September 06, 2017
By: Pete Hurd
Most Tuesdays the employees at Salvage Works help each other grapple with some of life’s heavy questions like:
“Should we dice onions or glaze some?”
“Provolone or Havarti?”
“Could we use a grilled cheese sandwich as a bun?”
“Would we need one or two slices of bacon to wrap that in?”
“Can you boil a hot dog in Rainer?”
(yes, it’s better if you use a tall boy.)
This is how Salvage Works plans each week for Weenie Wednesday.
This last winter as temperatures plummeted the employees found themselves bouncing from the yard burn barrell to the courtyard fire pit trying to stave off what would most certainly have been frostbite and gangrene. At some point the crew was told they looked like a group of old-fashioned traveling workers or hobos as they sat next to the fire, wet from the snow, warming their hands and souls.
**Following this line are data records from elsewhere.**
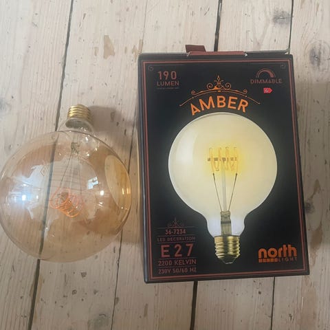 2 stk pene dimbare dekorpærer kjøpt på Clas Ohlson i høst. Ble for store for lampen. Gir et veldig fint lys, varmt i fargen.
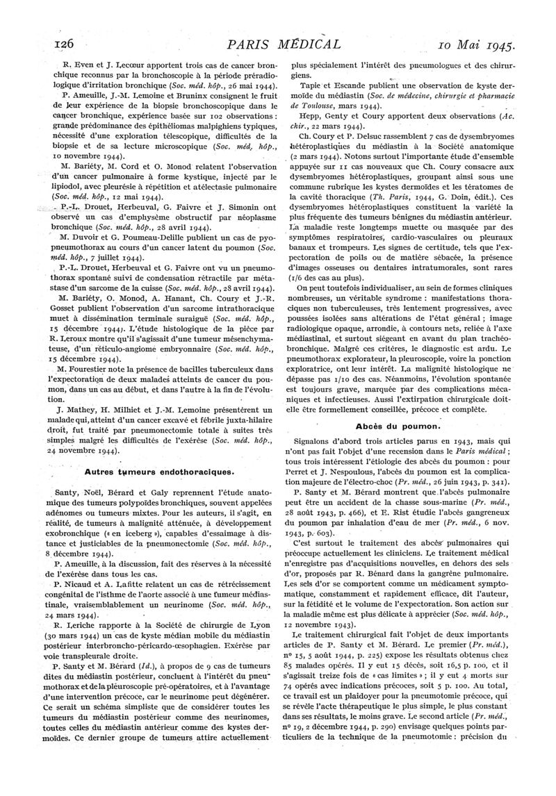 1945, n° 129, partie médicale. -
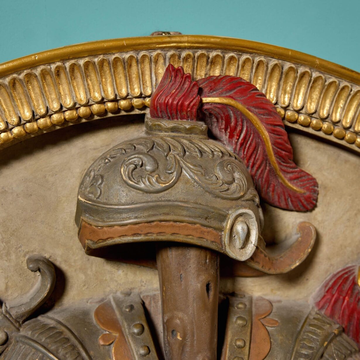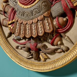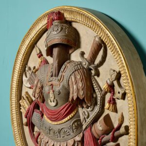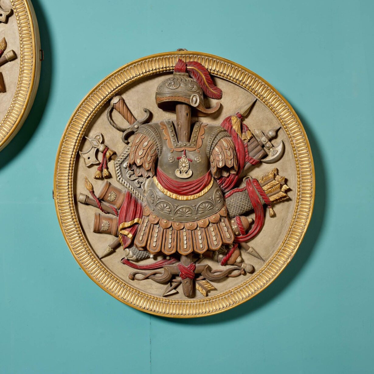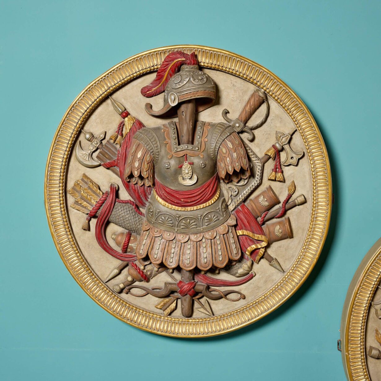 A handed pair, each roundel is superbly carved with depictions of Roman armour before weaponry including swords, axes, spears and a quiver of arrows. Enhanced with paint, the armour features traditional red tassels and ribbons, detailed with highlights of gilt, all framed by a reeded gilt cartouche for a final flourish of grandeur.
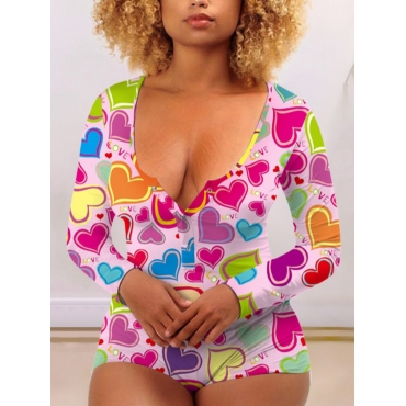 Lovely Casual V Neck Heart-shaped Print Rose Red Sleepwear
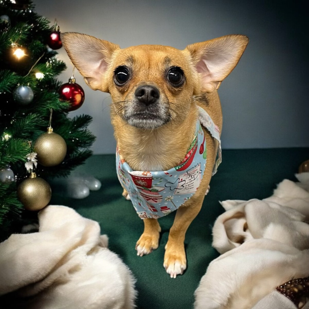 Every room Stella enters she captures the hearts of everyone. Stella’s bubbly and sassy personality is as big as her ears. She loves to play tug of war, gets the zoomies frequently, and will cuddle in your lap any time of day. Singing is her favorite activity, and she loves all music, especially showtunes. Stella is a star!

Like a fingerless glove this description fit and was embraced.
What could be more fitting than roasting some hotdogs and beans right there in the courtyard?
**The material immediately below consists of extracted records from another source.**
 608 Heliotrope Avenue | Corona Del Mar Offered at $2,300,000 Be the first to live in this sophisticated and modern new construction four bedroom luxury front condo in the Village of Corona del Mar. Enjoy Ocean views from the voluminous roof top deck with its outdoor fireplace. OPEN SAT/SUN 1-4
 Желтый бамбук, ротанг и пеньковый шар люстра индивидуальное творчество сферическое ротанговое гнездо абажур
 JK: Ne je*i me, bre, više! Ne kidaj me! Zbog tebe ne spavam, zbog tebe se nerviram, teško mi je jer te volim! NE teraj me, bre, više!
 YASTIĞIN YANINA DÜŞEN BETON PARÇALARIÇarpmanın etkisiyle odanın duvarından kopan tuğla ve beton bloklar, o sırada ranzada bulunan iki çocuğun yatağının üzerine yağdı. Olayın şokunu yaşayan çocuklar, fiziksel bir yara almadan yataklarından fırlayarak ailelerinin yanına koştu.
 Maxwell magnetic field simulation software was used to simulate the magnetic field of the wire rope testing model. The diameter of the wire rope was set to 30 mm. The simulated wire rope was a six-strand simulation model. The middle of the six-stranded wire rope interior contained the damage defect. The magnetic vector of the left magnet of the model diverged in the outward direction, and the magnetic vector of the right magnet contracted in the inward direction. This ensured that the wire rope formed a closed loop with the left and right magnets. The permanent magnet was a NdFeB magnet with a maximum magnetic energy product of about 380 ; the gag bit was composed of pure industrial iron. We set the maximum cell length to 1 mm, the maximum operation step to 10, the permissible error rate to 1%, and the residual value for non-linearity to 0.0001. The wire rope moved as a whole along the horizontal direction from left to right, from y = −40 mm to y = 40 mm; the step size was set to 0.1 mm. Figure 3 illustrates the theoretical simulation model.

That week on Wednesday armed with Olympia Provisions links and a can of beans, Weenie Wednesday was born.
What started just as simple mid-week treat quickly evolved into something much more than just frank and beans over a fire. Weenie Wednesday is currently an ever improving tour of culinary delights.
Wednesdays now alternate now between a domestic dog, like a Coney island dog, Chicago dog, or a beer boiled dog, and an international dog, like a Colombian dog, sushi dog, or a french dip dog (that’s from France, right? Like the fries?). All employees and friends are encouraged to participate.
As one of the founders put it, “the only limits for Weenie Wednesday’s are those of our own imaginations”. Feel free to stop in to see it in action.